Developing better science and theology narratives about the Covid-19 pandemic
Part Two of our series “Making sense of coronavirus with reason and faith.”
How we make sense of the world and our experiences is fundamental to human life at any stage, and especially so when those experiences are challenging. The Covid-19 pandemic has challenged many of our patterns of life and our assumptions about what is important and valuable. There is much debate about re-thinking and re-imagining our world as we move through this time. Part of this re-thinking needs to include reflection on, and analysis of, the explanatory narratives which we frequently employ. Often these narratives can be implicit and have great power to shape both our thinking and our action. As Lucas Mix pointed out in last week’s blog, these narratives can be both scientific and theological. A central question for our project is what narratives are being used to make sense of the Covid-19 pandemic, and in particular how the theological and scientific elements are related. In short, how are we to produce good narratives which speak into the wider world and which are both scientifically and theologically well-informed?
One fruitful way of approaching this is to identify some of the main themes which have emerged and are emerging in the midst of the pandemic, and to reflect on their theological and scientific content and implications. We have identified at least five such themes.

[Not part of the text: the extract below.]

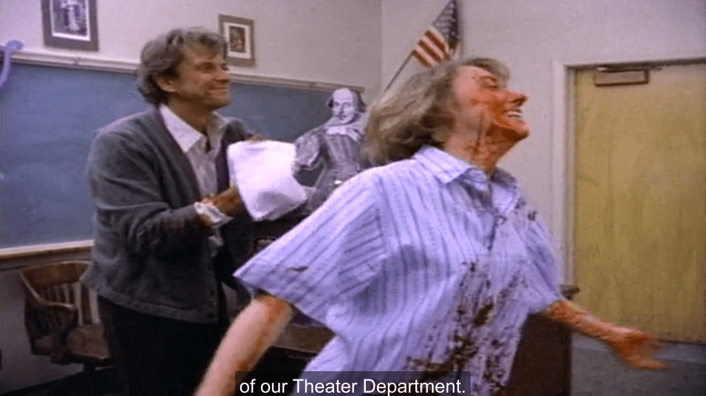 Well, this episode begins with two college girls in a classroom and one of them says to the other one, “The only reason I’m taking English is to stay away from science professors. Because I keep falling in love with them.” What? What, dude? You keep…you keep fuckin’ doing WHAT? Like, all of them? How many science classes have you taken? Do you…want to do science, though? Or are you switching to liking literature because you don’t like literature? Are you maybe just in love with…science itself? None of these questions are answered because the English professor walks in, drunk as shit, and pretends to KILL A STUDENT. By TEARING HER EYES OUT. But it’s actually just a theater major performing! Those fuckers will take any goddamn opportunity, I swear to god. (Note: I was a theater major).

Following the science — the importance of truth-seeking. Very early on in the pandemic experts were suddenly back in the limelight. We needed reliable evidence-based information in knowing how to deal with the pandemic. Scientists were central in this. In recent years postmodern philosophy has provided important critiques of the concept of truth, but in some ways has led to devaluing of the notion of truth. Science is mostly seen as a truth-seeking activity. It tells us something about how things really are in the world. It is based on empiricism and reason. This is a welcome reinstatement of the central importance of science, including its role in truth-seeking, but there are some dangers. Notably, the idea that science is the only source of proper knowledge, which can answer all our human questions. Media articles with titles such as, “Can science beat the virus?” and “The science of well-being” suggest that science might be seen as the primary route to solving all our problems. Other forms of discourse, including theology, are needed if we are to have a good understanding of the pandemic and its implications. Theology is often dismissed as private, unjustifiable and unverifiable opinion. However, there are good arguments to say that it, too, is a truth-seeking activity and the crucial area for reflection is how scientific and theological approaches engage with one another. Our project has this at its heart.
A new respect for viruses and birdsong. The pandemic has led to a new appreciation of nature and the place of humanity in the environment. Suddenly we can hear the birdsong and there is less pollution than normal. There is more humility and less hubris in our approach. Distorted views of the power of science might lead us to think that we can find a technical fix for the problems of both the pandemic and the climate crisis. Distorted Christian understandings of our relationship to the environment can degenerate into an overpowering dominance of humans at the expense of other lifeforms. Another key area for examination is the development of good scientific and theological narratives about the place of humanity in the environment as a whole.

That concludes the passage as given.